Quick Sort going stack-overflow with a large array (more than 600000 elements) when testing it with the array already sorted

Question

So when I test the algorithm with that huge array, it works fine; sorts everything perfectly. But when I test it with the same array already sorted, I get stackOverFlow. I read similar questions on this, but I couldn't really get a grasp of people's explanations in those questions. How can I fix it?

This is the quick sort implementation:

private static void quickSort(String[] arr, int start, int end) {
    
    if (end <= start) return;

    int pivot = partition(arr, start, end);
    quickSort(arr, start, pivot - 1);
    quickSort(arr, pivot + 1, end);

}

private static int partition(String[] arr, int start, int end) {
    
    String pivot = arr[end];
    int i = start - 1;

    for (int j = start; j < end; ++j)
    {
        if (arr[j].compareTo(pivot) < 0)
        {
            ++i;
            String temp = arr[i];
            arr[i] = arr[j];
            arr[j] = temp;
        }
    }
    ++i;
    String temp = arr[i];
    arr[i] = pivot;
    arr[end] = temp;

    return i;
}

Part where code is tested:

List<String> arr = Files.readAllLines(Paths.get("dictionary.txt"), StandardCharsets.UTF_8);

String[] arr2 = arr.toArray(new String[arr.size()]);
String[] arr3 = arr2.clone();

long startTime41 = System.nanoTime();
Sorting.quickSort(arr3);
long endTime41 = System.nanoTime();
long timeLapsed41 = endTime41 - startTime41;

Sorting.quickSort(arr3); // StackOverFlow when sorting here

Answer 1

So having elements already sorted and choosing always as a pivot the last element would mean that every time you recurse and partition the elements, all of the elements of the array are absolutely going to be less than the pivot and no element would be greater than it. This would cause unbalanced partitions, and so the line of code of the low partition quickSort(arr, start, pivot - 1); would have to make a lot more recursive calls than the normal causing a stack-overflow. This is the worst case scenario in Quick Sort (O(n^2)).
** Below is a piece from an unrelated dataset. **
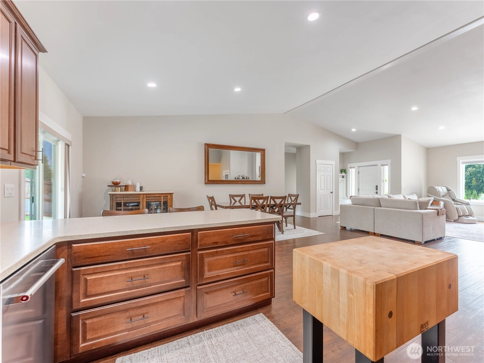 Built in 2018, this turn-key home offers the perfect blend of comfort, style, and privacy. 3 bdrms, 2.25 baths, and 2,024 sq. ft. of thoughtfully designed living space. Sitting on a .37-acre lot, tucked away at the end of a quiet cul-de-sac, you’ll find this freshly painted interior w/vaulted living room and cozy propane fireplace. LVP flooring in main living areas and halls and a spacious primary suite with large tiled shower and tile floors. The open layout is ideal for everyday living as well as entertaining. Step outside to enjoy the covered deck, fenced rear yard, garden areas! An oversized driveway, RV parking and close proximity to Three Lakes Golf Course make this home ideal!
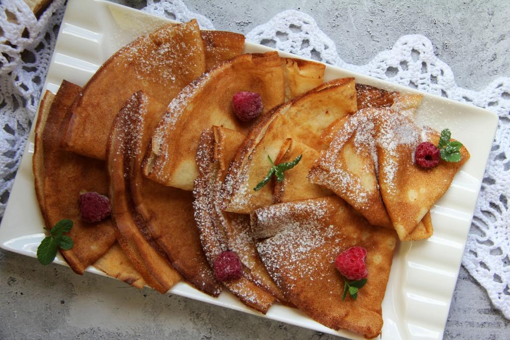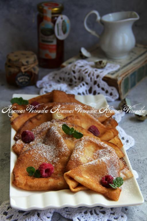 Нежные, тонкие, мягкие блины, приготовленные на перепелиных яйцах и молоке, подать к столу со сгущёнкой, вареньем или мёдом.

To fix it, what I did was making the algorithm choose random pivots instead of choosing always the last element as the pivot in the following fashion:

private static int partition(String[] arr, int start, int end) {
        int randomIndex = new Random().nextInt(end - start + 1) + start; // random pivot to avoid worst case scenario more often during recursion (when array is already sorted)
        String pivot = arr[randomIndex];
        int i = start - 1;

        String temp = arr[randomIndex];
        arr[randomIndex] = arr[end];
        arr[end] = temp;

        for (int j = start; j < end; ++j)
        {
            if (arr[j].compareTo(pivot) < 0)
            {
                ++i;
                temp = arr[i];
                arr[i] = arr[j];
                arr[j] = temp;
            }
        }
        ++i;
        temp = arr[i];
        arr[i] = pivot;
        arr[end] = temp;

        return i;
    }

More explanation:

• Why nextInt(end - start + 1) + start;?

We need to choose the element at a random index within that specific partition of the array. This parameter will generate a number between 0 to the last index end - start of the partition (not inclusive). To include the last index as a possible pivot. We must add one. We then add to the result the smallest index because we do not want indexes of the low partition being included. When the method is doing the high partition, the lowest index is not going to be 0 but a higher number. When we add the lowest index to the result, we exclude all the numbers lower than that number to being possible pivots.

• Why do we swap before entering the for loop?

Because we are still following the same logic as before; that of incrementing i every time we find a greater element than the pivot without moving the pivot from the last index and changing it accidentally. Then, at the very end, we swap the last element where the pivot remained safely from any swaps with the subsequent index of the last smallest element than the pivot.

To perform the previous, we must make sure than our pivot element is indeed in the last index before any swaps. That is why before entering the for loop, we swap.

Answer 2

The stack overflow can be prevented by only using recursion on the smaller partition, and looping back for the larger partition, with stack space complexity O(log2(n)), but the worst case time complexity remains the same at O(n^2), and 600000 elements may take too long:

private static void quickSort(String[] arr, int start, int end) {
    while(end > start){
        int pivot = partition(arr, start, end);
        if((pivot - start) <= (end - pivot)){
            quickSort(arr, start, pivot - 1);
            start = pivot+1;
        } else {
            quickSort(arr, pivot + 1, end);
            end = pivot-1;
        }
    }
}

A better choice for pivot would be to use the middle value, median of three, or random pivot as shown in Sheep_Walker's answer.